Notebooks have become an essential component of cloud-based AI research and analysis, so data scientists and developers should know how to use them if they deploy machine learning models on AWS.
Perhaps one of the most popular options today is Jupyter Notebook, an open source tool data scientists use to work with machine learning models and to process and analyze data. Jupyter notebooks are easy to share and teams can use them to collaborate on live code. Jupyter Notebook essentially provides an environment to document and run your code, then visualize those results.
Some Amazon cloud services, such as Amazon SageMaker, integrate Jupyter Notebook into their machine learning capabilities. SageMaker, AWS' managed machine learning service, relies on Jupyter Notebook capabilities for data visualization, statistical modeling, model training and more. And even though AWS continues to expand SageMaker's capabilities, users should still learn how to host their own Jupyter notebooks on AWS to get the most out of machine learning in the cloud.
In this tutorial, we will create a Jupyter notebook on an Amazon EMR cluster based on a small EC2 instance. Users can modify the size and capability of the hardware that supports the cluster depending on their workload.
To get started, we will create an EMR cluster in VPC mode using a private subnet with an attached network address translation (NAT) gateway so it can download a sample notebook from GitHub.
Next, we will create the required networking for our EMR cluster, which includes a VPC with two subnets. The first subnet will be public, and we will create and attach an internet gateway to our VPC. Then, we will create a routing rule for our public subnet to use the internet gateway. For the second subnet, we will create a NAT gateway. We will create this in our public subnet and attach it to our VPC. Then, we will create a private routing rule for our private subnet.

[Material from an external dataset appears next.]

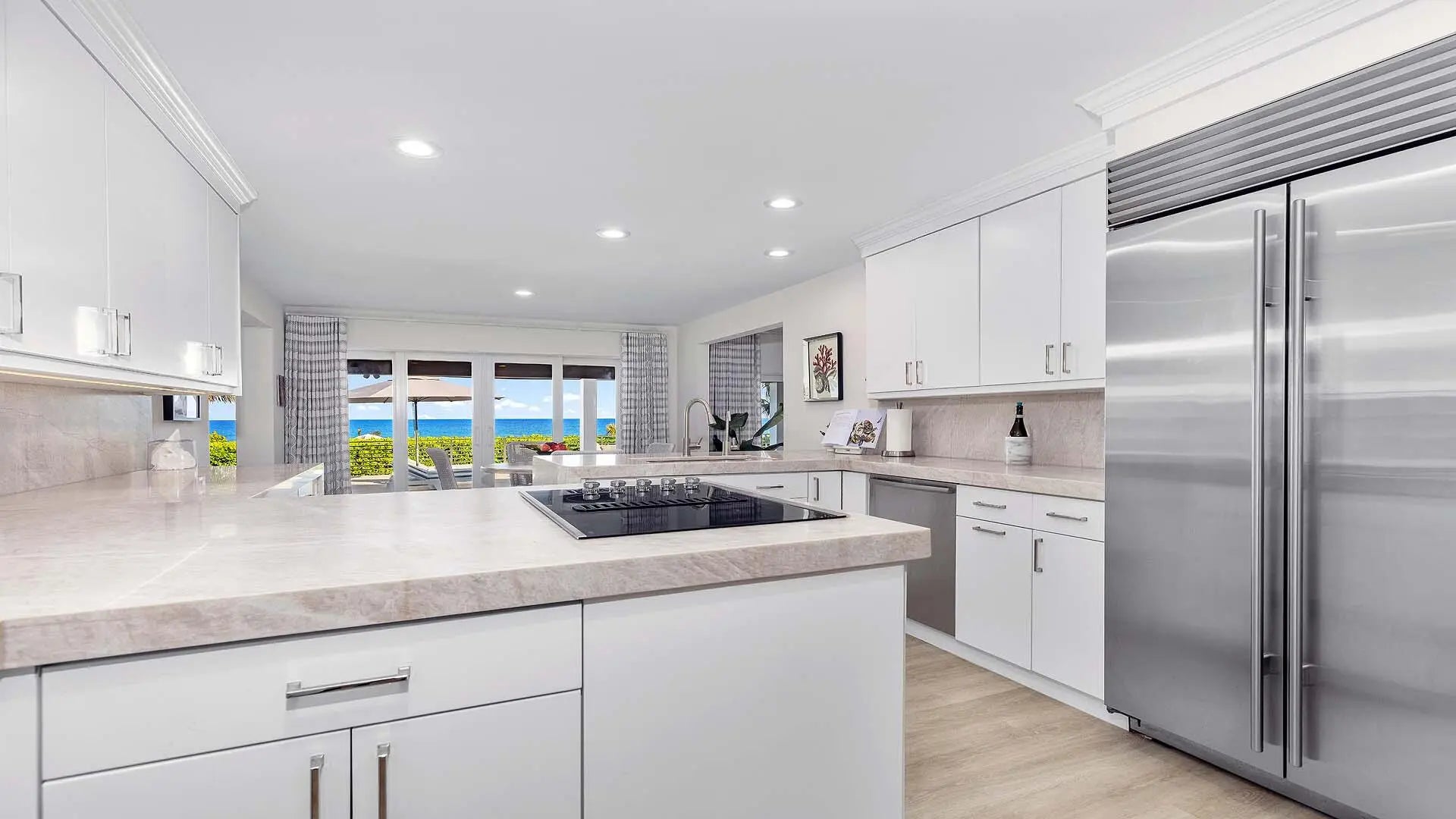 This meticulously renovated coastal property sits on a rare, 100-foot stretch of private, unobstructed ocean frontage, offering exclusive, direct beach access that leads straight to the Atlantic Ocean. This seaside retreat is perfectly positioned between A1A and the ocean. The residence offers the ideal blend of privacy, views, and an effortless beachside lifestyle. Perched on a high natural dune, the home captures expansive, uninterrupted ocean panoramas from the primary living spaces, pool, and the primary suite. Inside, every detail has been thoughtfully renovated. Outside, the new landscaping enhances the property's mature tropical backdrop. A Home Designed for Real Life and Real Flexibility One of the home's greatest strengths is its exceptional versatility. The entire ground level can be securely locked off, creating a private, self-contained suite ideal for visiting guests or residents alike. This self-contained floor includes: " Large entertainment and media area " Designer kitchen and dining space " Private en-suite bedroom " Gym with generous storage area and four-person sauna " Massage room It lives like a luxury guest house right inside your own home. Upstairs, the main level opens to spectacular ocean vistas. The bright, open-concept layout features multiple living areas, all connected to the outdoors by glass sliders that invite in ocean breezes and natural light. The kitchen boasts ocean views and a cozy breakfast nook, complete with the perfect "morning coffee with sunrise" moment built right in. Adjacent to these areas are a casual dining space and two generous living areas ideal for gatherings, entertaining and everyday living. Private Office Oasis (or a Second Primary Suite) The spacious, light-filled office sits apart from the main living areas, offering true privacy ideal for working from home or hosting meetings. With its own full bathroom and seating area, this space could easily be used as a second primary suite. Primary Suite with Oceanfront Serenity The elegant primary suite features: " Expansive ocean views " Direct poolside access " Luxurious bath with an oversized shower and soaking tub " Large double vanity " Bidet " Custom walk-in closet It's peaceful, private, and perfectly positioned to enjoy sunrise every morning. Outdoor Living: Where Every Day Feels Like Vacation The property's oceanfront setting delivers an exceptional outdoor experience: " Completely Renovated Heated Oceanside Pool perched above the dunes " New deck tiling and deck railing " Covered loggia perfect for relaxing or entertaining " Private path leading directly to your own white-sand beach " Beautifully landscaped grounds with abundant privacy In between the main property and the private beach dune is Old Ocean Boulevard, one of the area's hidden gems a quiet, scenic stretch perfect for outdoor activities with virtually no traffic. It feels like a coastal promenade reserved just for residents. Additional Features " Fully renovated two-car garage with epoxy flooring " Locked storage rooms for surfboards, beach gear, and bikes " Circular paver driveway with ample guest parking " 6,600+ sq ft under air / 9,500+ total sq ft " Up to six bedrooms / six baths and one powder room " Ideally situated between prestigious Palm Beach Island and vibrant Delray Beach. " Easy access to PBI and FLL airports " The Town of Ocean Ridge offers dedicated police and town hall

After we create the Jupyter Notebook, we will need to modify the default security group by allowing an outbound HTTPS rule. This will enable our notebook to communicate with the Git repository hosted in GitHub.
When setting up a Jupyter Notebook on AWS, make sure the EMR cluster has the required software -- Hadoop, Spark or Livy. Then we will create a notebook on top of the cluster and link it to the GitHub repository after our firewall rule is in place to allow outbound HTTPS traffic. We will open the Jupyter notebook and open a sample Jupyter notebook from the Git repository we connected to.
Follow along with the video above for a closer look at how to set up a Jupyter notebook on AWS.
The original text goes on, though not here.